_Entries shown:_
__________________________________________________

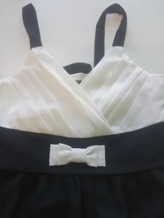 Vestido de gasa con un diseño elegante en dos tonos. - Cuerpo superior blanco plisado. - Cinturón negro con detalle de lazo blanco. - Falda negra. - Volantes blancos en el bajo.
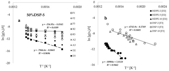 Figure 5a presents plots of Borchardt and Daniels’ ln(g()/t) versus the inverse of conversion temperature (T−1, [K−1]) for the 50%DSP-5 sample, corresponding to the selected solid-state reaction mechanisms. The estimated values of kinetic and thermodynamic data by using the BD method are provided in Table 3. Both Table 3 and Figure 4a indicate that higher values of the coefficient of determination (R2) were achieved by using the D2 and D3 diffusion models, while poorer fits were obtained by using the A2 and A3 Avarami–Erofeev models. Figure 5b displays the plots of BD’s ln(g()/t) against the inverse of conversion temperature (T−1, [K−1]) for the pure HDPE and DSP samples at various heating rates. This figure demonstrates that the trends associated with pure HDPE shifted towards the temperature maxima when compared with the linear inverse trends associated with pure DSP biomass, indicating a higher thermal stability of the HDPE plastic material. This finding is consistent with the study conducted in [9] on the thermal degradation of polyethylene plastic and walnut biomass. Additionally, Figure 5b illustrates that increasing the heating rate consistently results in a shift in the inverse linear trends towards the temperature maxima. However, these trends do not vary significantly due to the proximity of the selected heating-rate values when compared to the thermal degradation processes recorded for high heating rates in [6,11,15].
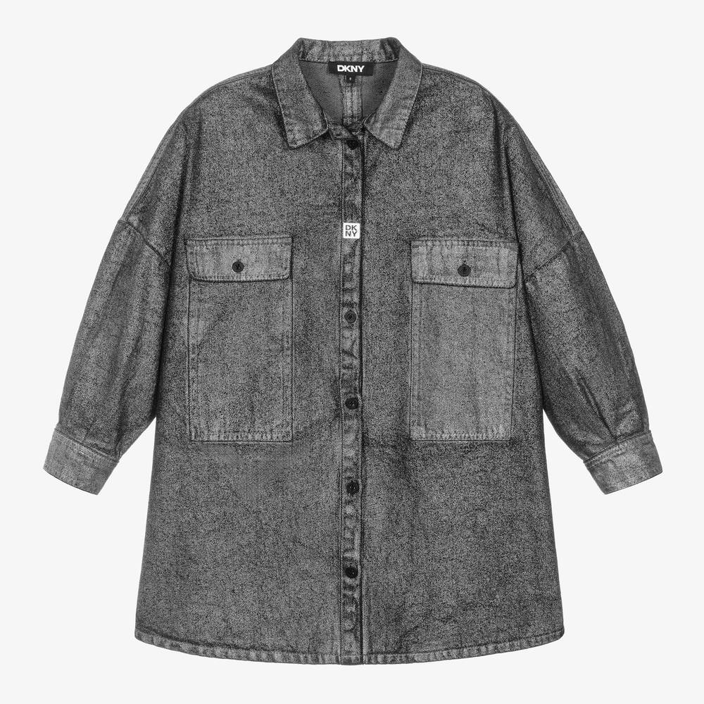 By New York based brand DKNY, this metallic silver denim dress for girls is stylish and contemporary. Designed with a distressed effect, it has an oversized fit, a relaxed shirt shape and a shiny silver logo badge on the chest. There are button fastenings on the front, each embossed with the label's logo for a subtle branded detail. Bold branding on the back of the neck completes the streetwear-inspired style.
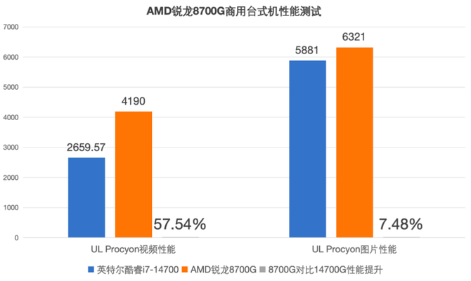 综合考虑硬件采购成本和运营成本,AMD锐龙7 8700G的总拥有成本(TCO)比英特尔酷睿i7-14700低约30%。这种性价比优势使得锐龙7 8700G成为商用台式机的理想选择,特别是在预算有限但对性能和稳定性有较高要求的企业环境中。
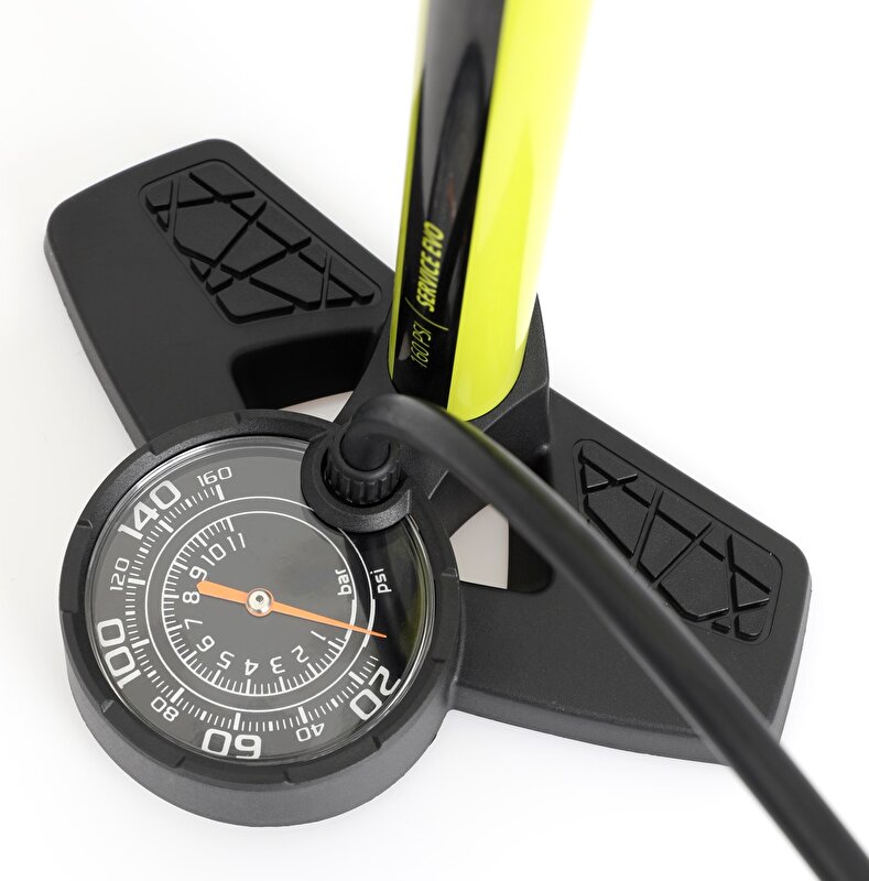 Výkonná nožní hustilka MAX1 Service Evo s duální hlavou a přehledným velkým manometrem. Ocelové tělo zajistí dlouho životnost této hustilky.
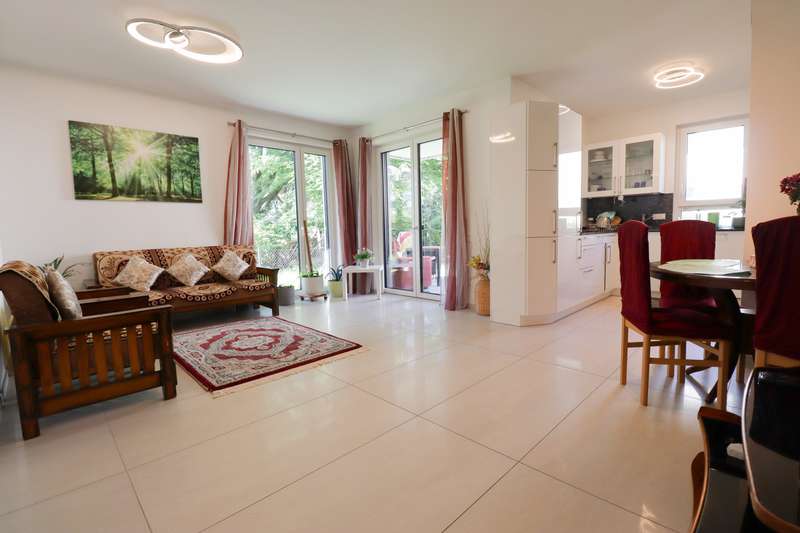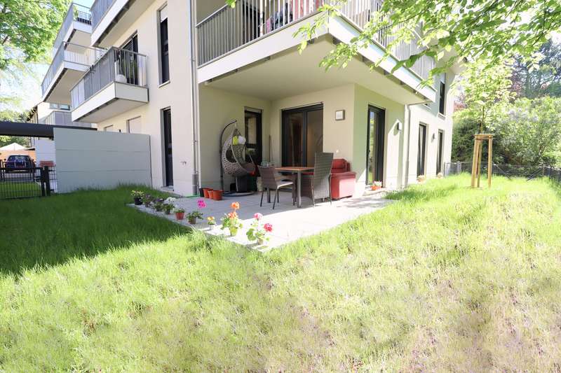 Beautiful garden apartment in Erlangen-Süd - quietly located in second row! For sale is an attractively designed apartment with a living space of approx. 96 m², which is characterized by an upscale quality of furnishings. The property was completed in 2024 and is in as-new condition. The apartment offers a total of four rooms, three of which are spacious bedrooms, which is particularly suitable for families or couples with additional space requirements. The covered terrace and the garden (garden approx. 68 sqm) offer space to "sunbathe and enjoy" or for the children to "play and run around" in summer. The orientation is perfect to S/W: One of the highlights of this property is the modern underfloor heating, which has been installed in all rooms and ensures even heat distribution. Two high-quality bathrooms offer additional comfort and make everyday life easier in a household with several people. The bathrooms are fitted with modern fittings and elegant tiles and ensure a pleasant feel-good atmosphere. The apartment also has a particularly spacious garden area with a beautiful covered terrace, which offers a variety of uses and significantly increases the quality of living, especially in the summer months. The apartment is located in the building, which was completed in 2024 and is characterized by its modern architecture and high-quality construction. Thanks to the well thought-out room layout, the apartment offers an ideal balance between communal areas and places of retreat. The central living area is bright and open and creates an inviting ambience. The adjoining kitchen offers ample space for culinary creations and promotes communicative interaction thanks to its proximity to the living area. The area surrounding the property offers an excellent infrastructure with short distances to public transport, shopping and leisure facilities. The central location makes it possible to enjoy city life to the full, while at the same time various recreational areas nearby offer space for relaxation. In summary, this apartment presents itself as an attractive residential property for all those who value high-quality furnishings and a comfortable living atmosphere. The combination of modern amenities, generous living space and practical outdoor areas makes this property a first-class choice for discerning buyers. Potential buyers are cordially invited to view this apartment on site to see the benefits for themselves. Please contact us for further information or to arrange a viewing.

__________________________________________________

For this answer, retype the lines from the start of the listing through the line that holds "By New York", inclusive, exactly and without pictures.

 Vestido de gasa con un diseño elegante en dos tonos. - Cuerpo superior blanco plisado. - Cinturón negro con detalle de lazo blanco. - Falda negra. - Volantes blancos en el bajo.
 Figure 5a presents plots of Borchardt and Daniels’ ln(g()/t) versus the inverse of conversion temperature (T−1, [K−1]) for the 50%DSP-5 sample, corresponding to the selected solid-state reaction mechanisms. The estimated values of kinetic and thermodynamic data by using the BD method are provided in Table 3. Both Table 3 and Figure 4a indicate that higher values of the coefficient of determination (R2) were achieved by using the D2 and D3 diffusion models, while poorer fits were obtained by using the A2 and A3 Avarami–Erofeev models. Figure 5b displays the plots of BD’s ln(g()/t) against the inverse of conversion temperature (T−1, [K−1]) for the pure HDPE and DSP samples at various heating rates. This figure demonstrates that the trends associated with pure HDPE shifted towards the temperature maxima when compared with the linear inverse trends associated with pure DSP biomass, indicating a higher thermal stability of the HDPE plastic material. This finding is consistent with the study conducted in [9] on the thermal degradation of polyethylene plastic and walnut biomass. Additionally, Figure 5b illustrates that increasing the heating rate consistently results in a shift in the inverse linear trends towards the temperature maxima. However, these trends do not vary significantly due to the proximity of the selected heating-rate values when compared to the thermal degradation processes recorded for high heating rates in [6,11,15].
 By New York based brand DKNY, this metallic silver denim dress for girls is stylish and contemporary. Designed with a distressed effect, it has an oversized fit, a relaxed shirt shape and a shiny silver logo badge on the chest. There are button fastenings on the front, each embossed with the label's logo for a subtle branded detail. Bold branding on the back of the neck completes the streetwear-inspired style.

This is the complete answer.